Quel rigorisme! Les syndicats viennent de lancer le référendum contre l'ouverture 24h sur 24 d'une vingtaine de shops de stations-service, situés le long d'axes très fréquentés ou sur des aires de repos d'autoroute. Peu importe que les touristes en transit doivent se contenter de gaufres au distributeur et de boîtes de sodas entre 1h et 5h du matin. "Le règlement c'est le règlement. En Suisse, on ne transige pas sur les principes. Il n'y a pas de droit humain fondamental à consommer la nuit", ont expliqué leurs représentants et sympathisants la semaine dernière (je condense leurs propos). Et pour les gens qui ont des horaires très décalés? "Ils n'ont qu'à s'organiser, que diable. Non, nous ne changerons rien."

Est-ce bien l'image que nous voulons donner de notre pays? Continuer à empêcher à des voyageurs d'acheter quelques denrées de base sous prétexte que la loi est immuable. De nombreuses professions déploient déjà leurs activités 24h sur 24h: dans les hôpitaux, les homes médicalisées, les permanences médicales, la police, la sécurité privée, la surveillance du ciel, la presse, l'hôtellerie… A l'heure où des centaines de chaînes télé sont accessibles en permanence 24 heures sur 24 (y-a-t-il donc un "droit humain fondamental" à regarder la télé à 3h du matin?), ce serait bien la moindre des choses que de pouvoir acheter quelques produits de première nécessité la nuit aussi, qui plus est uniquement sur des axes très fréquentés.

On ne parle pas ici d'ouvrir 24h sur 24 partout… La "libéralisation" décidée par les Chambres ne concerne, répétons-le, que les régions très urbanisées et quelques endroits très fréquentés. Les collaborateurs qui devront travailler dans ces shops seront au minimum couverts par la loi sur le travail, qui prévoit des salaires plus élevés la nuit ainsi que des compensations en repos. Les syndicats pourraient d'ailleurs négocier des conditions meilleures que ces dispositions de base. Mais non! Pourquoi vouloir créer des emplois? Pourquoi permettre aux commerçants de vendre quand il y a des acheteurs? Mieux vaut continuer à interdire, à réglementer, à imposer un mode de vie unique. Peu importe qu'il y ait des volontaires pour la vente: ils ont tort! "Forcément exploités", ils ne comprennent pas!

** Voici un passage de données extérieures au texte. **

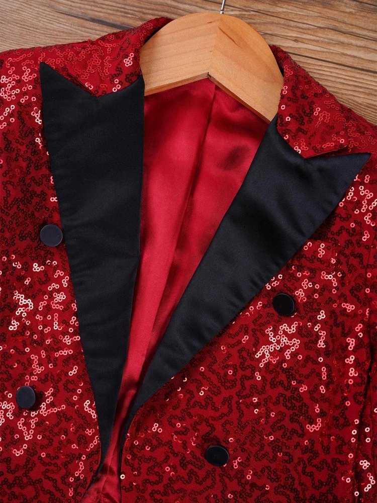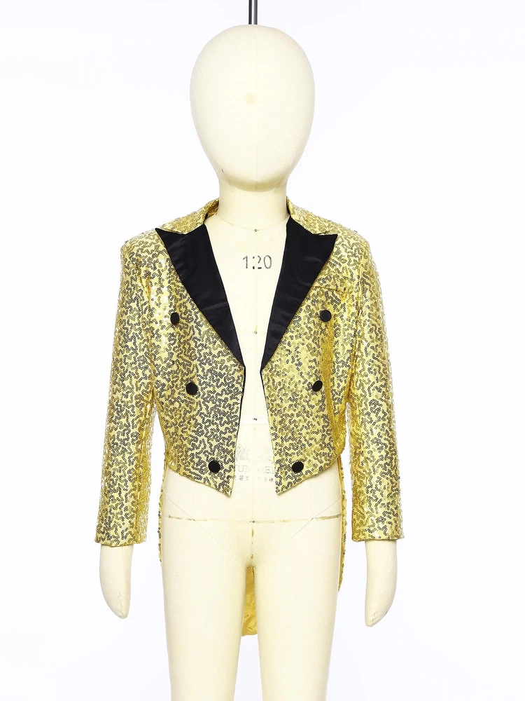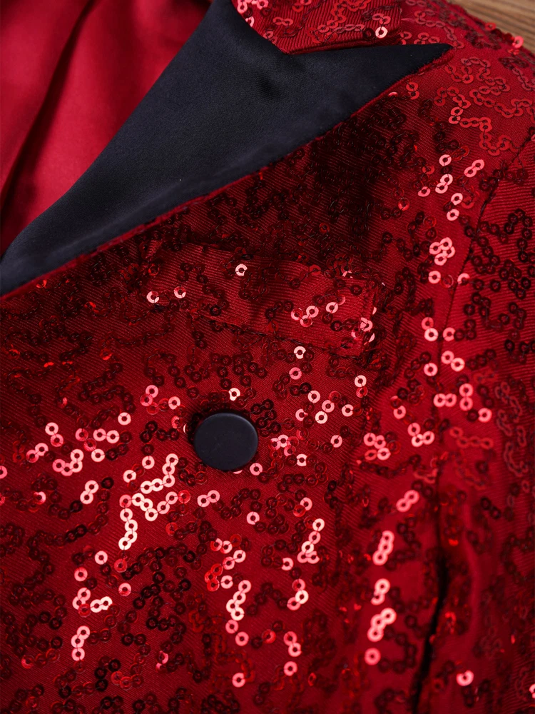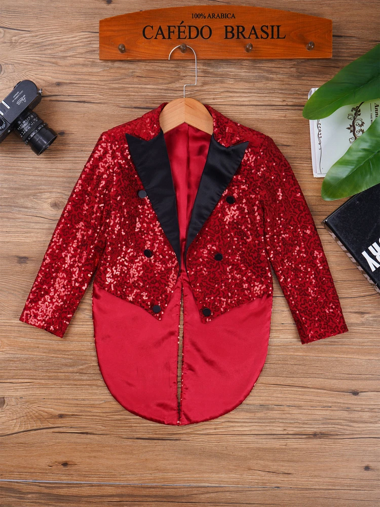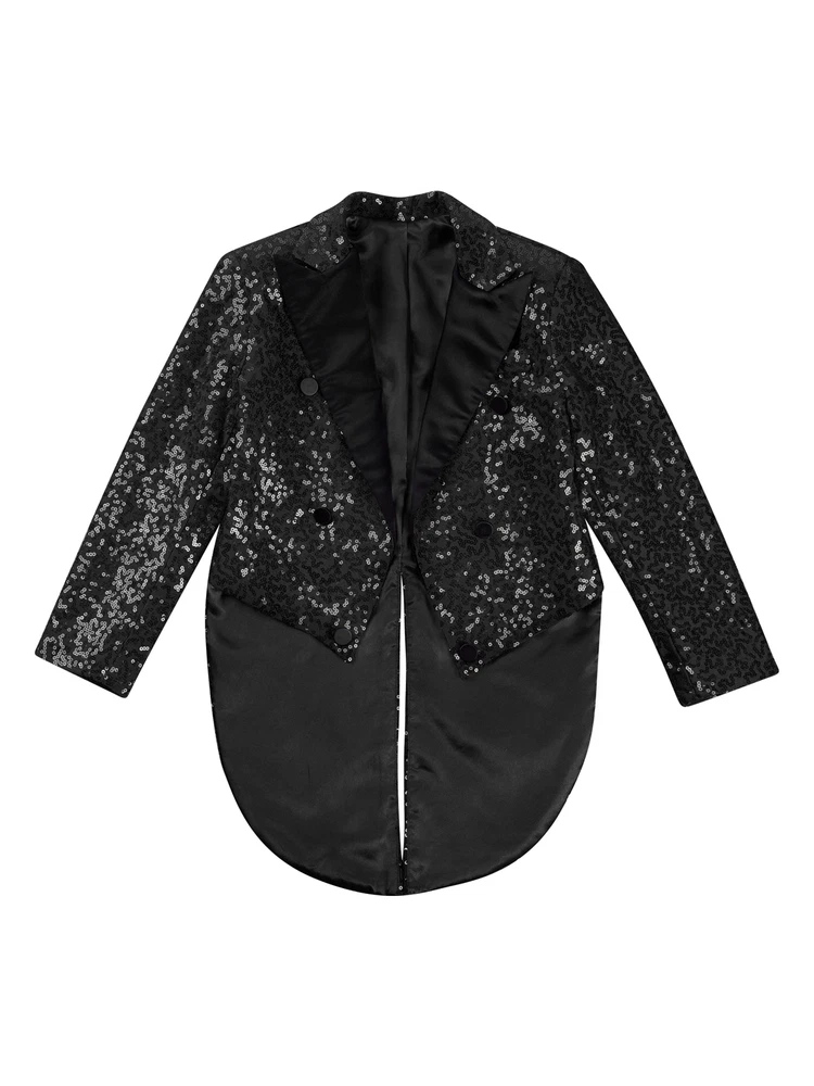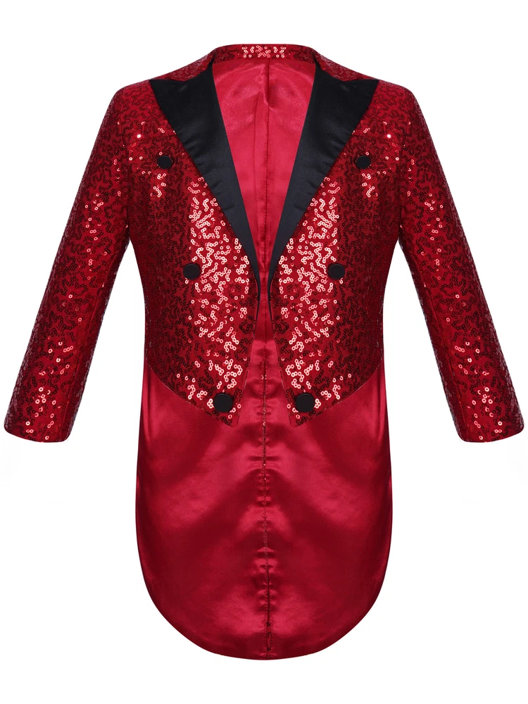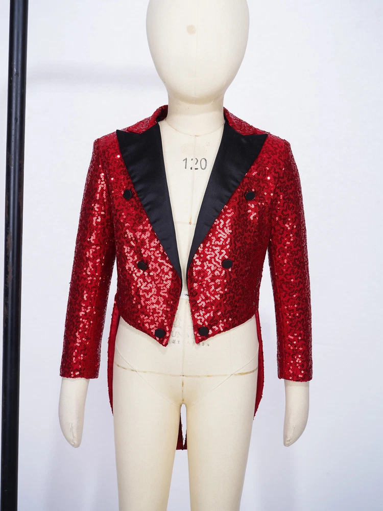 US Kids Boys Sequin Tailcoat Jacket Classic Fit Tuxedo with Tails Party Coat Top

C'est ubuesque! L'extension de l'horaire d'ouverture des quelques shops rendrait service à beaucoup de monde. Nous améliorerions du même coup l'accueil réservé aux touristes. Mais les syndicats préfèrent s'arc-bouter et tout bloquer, sous le prétexte fallacieux que ce ne serait qu'un premier pas vers une "libéralisation sauvage". Davantage de cohérence et de réalisme ne feraient pas de mal.